Samuel Agbamu is a current Rome Award holder at the BSR and a Leverhulme Early Career Fellow in Classics at Royal Holloway, University of London. He is currently in Rome conducting the project Restorations of empire in Africa: ancient Rome and modern Italy’s African colonies.
This blog post provides an insight into the research he is conducting at the BSR, most notably in response to a workshop that he led at the school very recently.
Recent decades have seen the legacies of colonialism come under increasing scrutiny. In conjunction with the global movement for Black Lives, such discussions have shone a light on the continuing effects of colonialism and racism on societies across the world. A tangible expression of the persistence of colonialism is seen in the monumentality of former imperial capitals. Rome is an intriguing example of this. Until fairly recently, modern Italy’s colonies in Africa and the Aegean had been closely associated with Italy’s Fascist period, which ran from 1922 to 1943. However, Italy gained its first colonies in Africa soon after national unification, several decades before Mussolini’s 1922 March on Rome, and retained possession of a sliver of its East African colony for several years after Mussolini’s deposition. Mussolini exploited the links between Italian imperialism and the ancient Roman Empire, a link facilitated by the history of Roman imperialism in regions colonised by Italy, particularly in North Africa. Yet this was not an innovation of Fascism but had precedent in the rhetoric and practice of liberal Italian imperialism, and indeed in the imperialisms of other European nations. The parallels with ancient Rome drawn by liberal and Fascist Italian imperialism saw the urban landscape of Rome being reshaped by this backwards looking imperial ideology. From looting antiquities from its colonies to adorn the city, to showcasing the ancient imperial heritage of Rome, the Italian empire of the nineteenth and twentieth centuries has left an indelible mark on the city that we encounter today. This is a vibrant area of scholarship that was the subject of a lively and thought-provoking conference held in May 2022 by the Deutsches Historisches Institut in Rom, hosted at the Goethe Institut.

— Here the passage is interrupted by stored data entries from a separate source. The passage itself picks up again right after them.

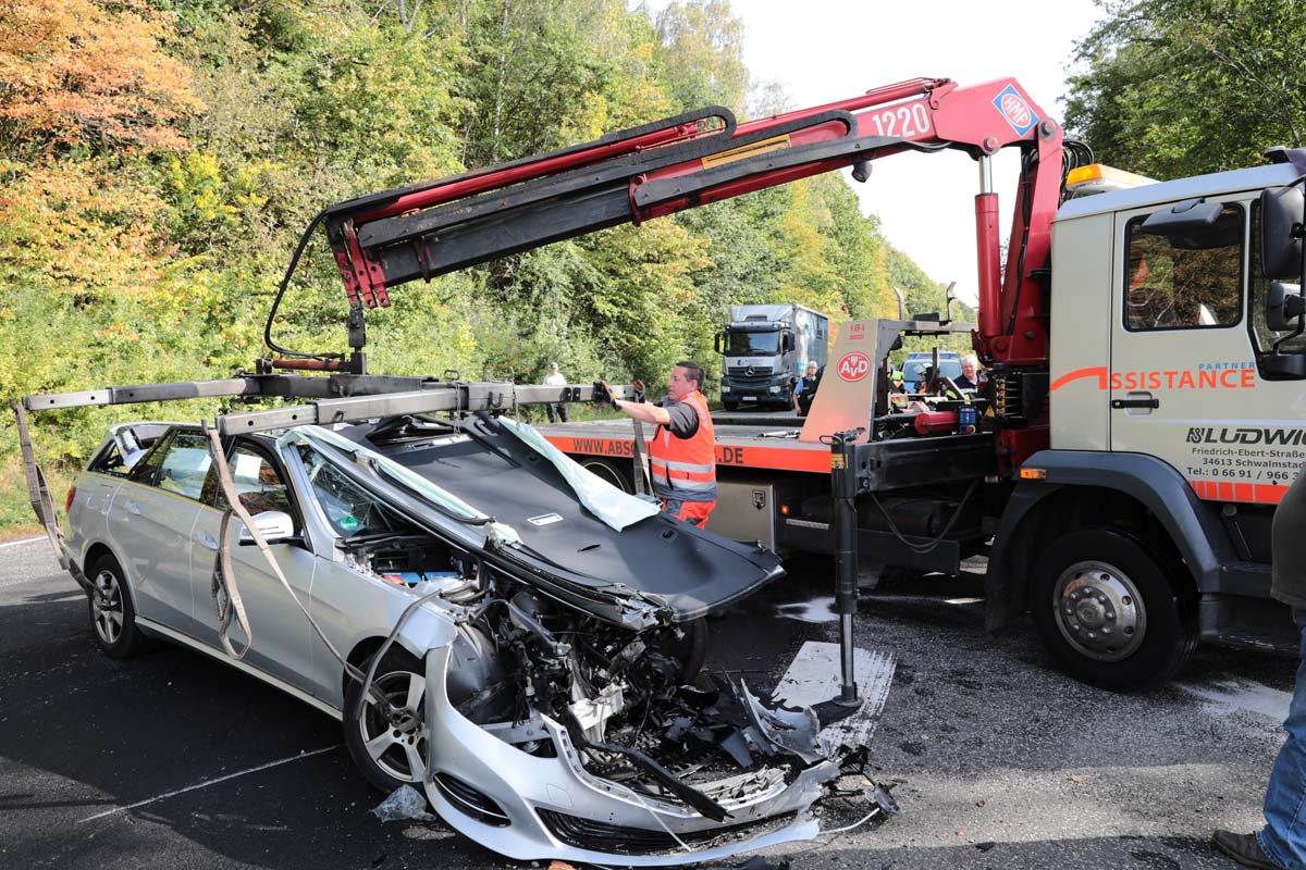 Gegen 12 Uhr wollte eine Fahrerin, die von Sachsenhausen kam, nach links in Richtung Gilserberg auf die Landesstraße abbiegen. Dabei übersah sie einen Hyundai-Kleinbus, der aus Gilserberg kam und in Richtung Treysa unterwegs war. Der Fahrer versuchte, einen Zusammenstoß zu verhindern, indem er nach links auf die Gegenfahrbahn auswich. Trotz des Ausweichmanövers konnte jedoch ein heftiger Zusammenstoß der beiden Fahrzeuge nicht verhindert werden. Der Kleinbus kippte infolgedessen am Straßenrand auf die Seite, während der Mercedes im Kreuzungsbereich zum Stillstand kam. Beide Fahrzeuge wurden erheblich beschädigt.
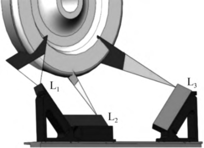 车轮踏面轮缘呈凸出状,因此,单个传感器难以实现整个踏面外形数据点的采集。为得到完整的踏面外形轮廓,在轨道两侧以一定角度和距离成镜面对称布置两个2D激光位移传感器L3和L4,而且,为使探测的车轮外形轮廓曲线在同一截面,需保证L3和L4的激光探测平面共面,传感器与车轮的安装位置示意图如图3所示。
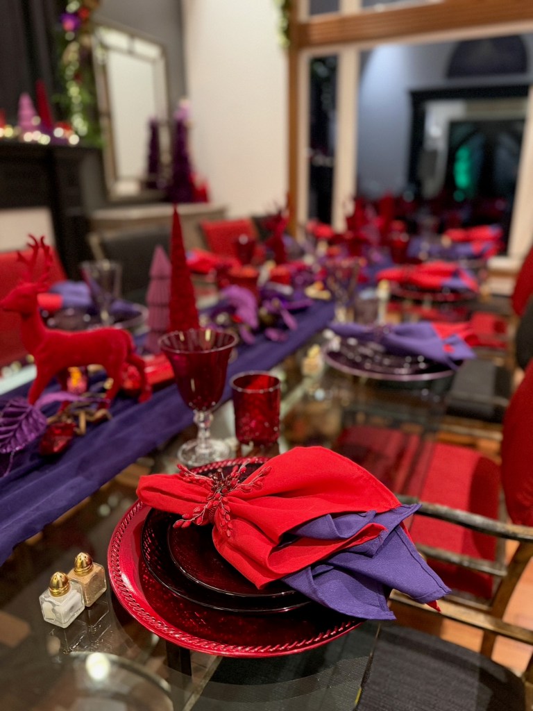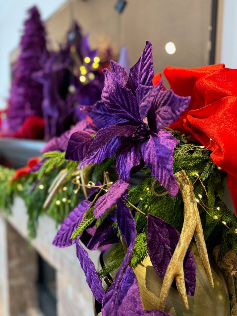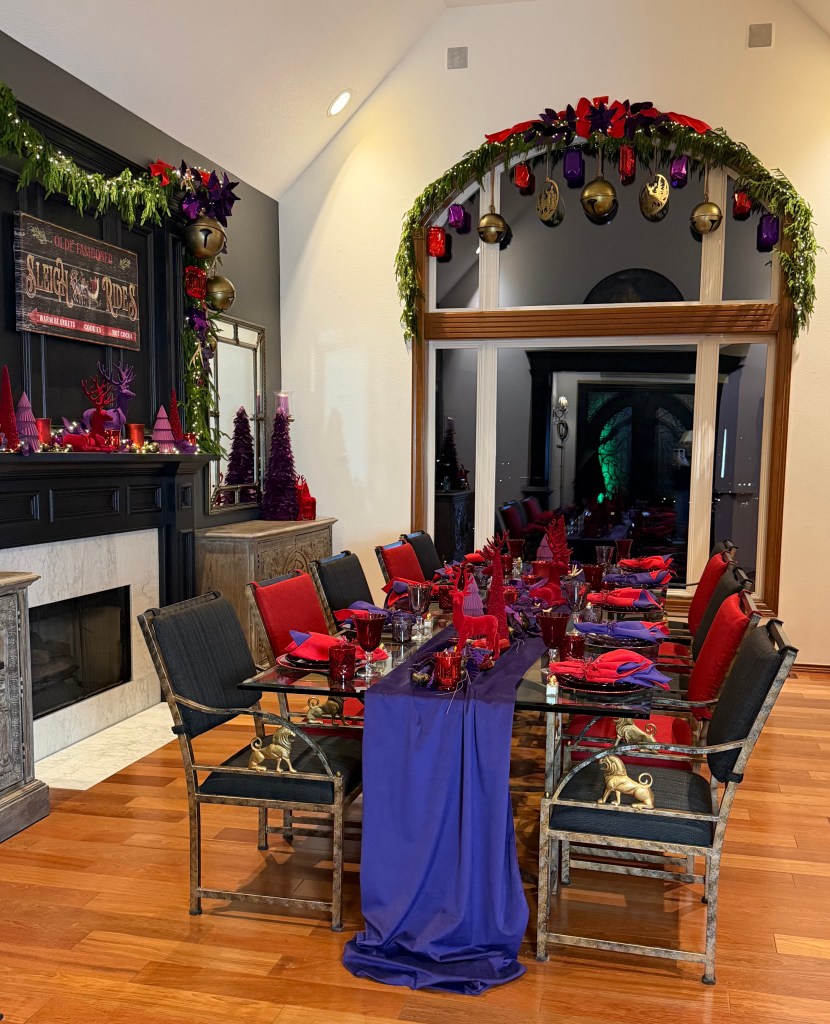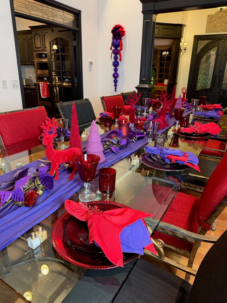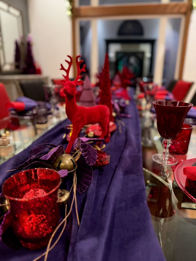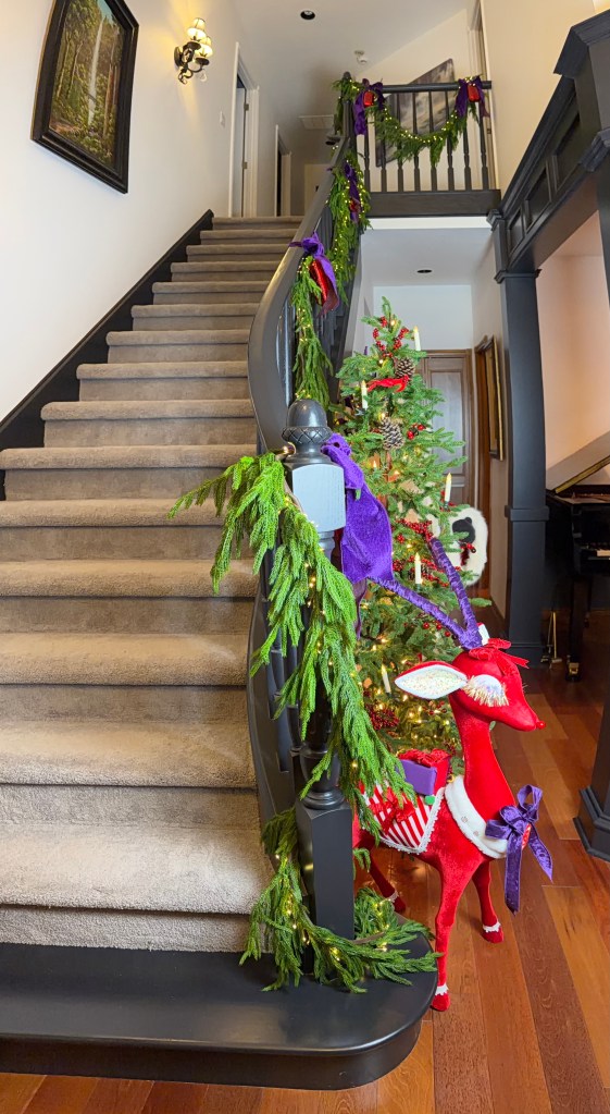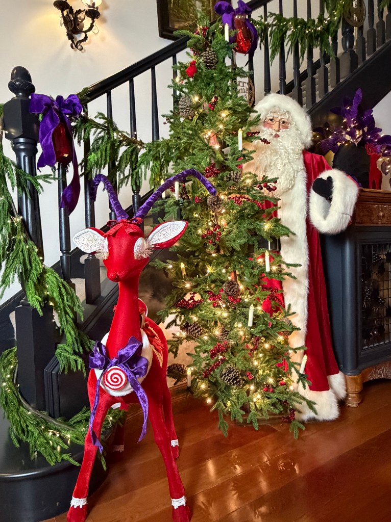 In the Foyer, it takes two 15′ Norfolk garland and three 20′ fairy lights to drape the bannister. Large purple velvet 4″ ribbon bows top large red gems and brass medallions. At the base of the stairs, a playful red deer stands with Santa and his tree. Behind on the chest sits a vase grouping with purple velvet leaves, a red flocked deer and large purple finial ornament sitting atop a red velvet poinsettia placemat. NOTE: I originally used the Mark Roberts red deer in the dining room for Peppermint Elves theme, and altered its look by removing the desserts and replacing with a wrapped present and red bows, and wrapping the antlers with purple velvet ribbon.
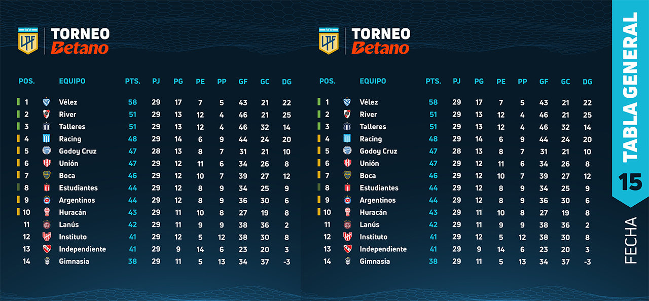 Loin de la folie de La Bombonera, il y a aussi un championnat qui se joue, Boca et River étant bien décrochés, le Millo étant certes désormais sixième, mais à neuf points de la tête. Une tête qui a un nom : Vélez Sarsfield. En quelques mois seulement, Gustavo Quinteros est ainsi parvenu à transformer une équipe qui jouait sa survie dans l’élite, prenait un 5-0 au Monumental, en une machine à victoires. Pour cela, il a misé sur un vrai mélange d’expérience – Braian Romero, Michael Santos, par exemple en attaque – et de jeunesse, symbolisée notamment par excellent Thiago Fernández ou encore les importantissimes Valentín Gómez et Christian Ordóñez, a totalement sécurisé ses lignes arrière, en installant définitivement Tomás Marchiori dans les buts – et de se souvenir de la gestion des gardiens lors des mandats précédents et sa conséquence. Et a bâti une équipe efficace et suffisamment intelligente offensivement, notamment par Claudio Aquino et Francisco Pizzini. Conséquence, Vélez a gagné neuf de ses dix derniers matchs, pour un nul, et s’est échappé. Derrière, Huracán, Talleres et Unión sont à six points, l’Atlético Tucumán qui coince un peu, à huit. Sans doute aussi une occasion de rappeler que laisser du temps à un entraîneur peut s’avérer payant, dans un championnat qui a déjà connu vingt-et-un changements d’entraîneurs en quinze journées, la palme allant à Defensa y Justicia, qui a usé quatre coaches pour pointer à l’avant-dernière position.
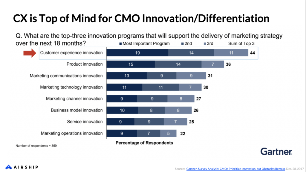 - 44% of CMOs said that customer experience is the most important program they are looking to for driving innovation and differentiation.

Seeking to capitalise on the groundswell of discussion, I ran a workshop at the British School at Rome on these dual legacies of ancient and modern imperialism in the city of Rome, a topic related to the research I am conducting in Rome. The BSR proved to be a perfect venue for such a discussion. By drawing on the diverse specialisms and practices of the scholars, artists, and architects resident at the school, a well-rounded discussion expanded my rather myopic, classicist’s view of the theme. In addition, the School played an important role in Italian imperialism’s ambition to resurrect Rome’s empire. For example, the BSR was involved in the planning for both the 1911 Mostra Archeologica held in the Baths of Diocletian in Rome, centred on Rome’s overseas provinces and staged in the same year as Italy’s invasion of Libya, as well as the 1938 Mostra Augustea, an exhibition in celebration of the bimillenary of Augustus which posed Augustus as a proto-Fascist and predecessor of Mussolini. As well as this, the deputy director of the BSR between 1909 and 1925, Eugenie Strong, was in close correspondence with many of the classical scholars who were central to the promotion of Roman studies within the context of the city’s imperial revival.
The aim of the workshop was to facilitate discussion around responses to the imperial legacy of the cityscape of Rome. Intimately related to this issue is how to respond to the fact that urban planners, architects, and ideologues working under Fascism played a huge role in shaping the city of Rome as we encounter it today, as explained by scholars such as Aristotle Kallis, Flavia Marcello, and Federico Caprotti among others. Discussion was framed around some guiding questions: how do our fields of research, artistic practice, or personal contexts inform our response to sites and monuments of modern Italian imperial emulation of the Roman Empire? and what productive approaches might there be to such sites and monuments?
Should, for example, the Mussolini Obelisk (pictured) of the Foro Italico, underneath which is a Latin codex narrating Fascism’s first decade in power, translated into English recently by Han Lamers and Bettina Reitz-Joosse, simply remain as it is, a celebratory monument of Fascist triumphalism, complete with its self-narration, there to be rediscovered and read at some distant point in the future? Should such monuments be reframed, as seen in the case of the ‘Genius of Sport’ (also pictured) a statue in Rome’s Eur district? This statue, formerly known as the ‘Genius of Fascism’, with arm aloft in a Roman salute, was renamed and had boxing hand-wraps added for the 1960 Olympics in Rome (my thanks to Ilyas Azouzi for the detail of the boxing wraps). Or should such relics of imperialism and fascism be contextualised either in situ or in a museum, in which case who would be doing the contextualisation and for whom? Can the ideology encoded by such monuments be subverted, or is the best approach simply to destroy them? Needless to say, no clear answers were arrived at by the end of the workshop. This is not, of course, to say that we should not continue to ask these questions and to interrogate the colonial and nationalist foundations of former imperial cities.
My sincere thanks to the British School at Rome for hosting the workshop and to the participants for their fascinating contribution.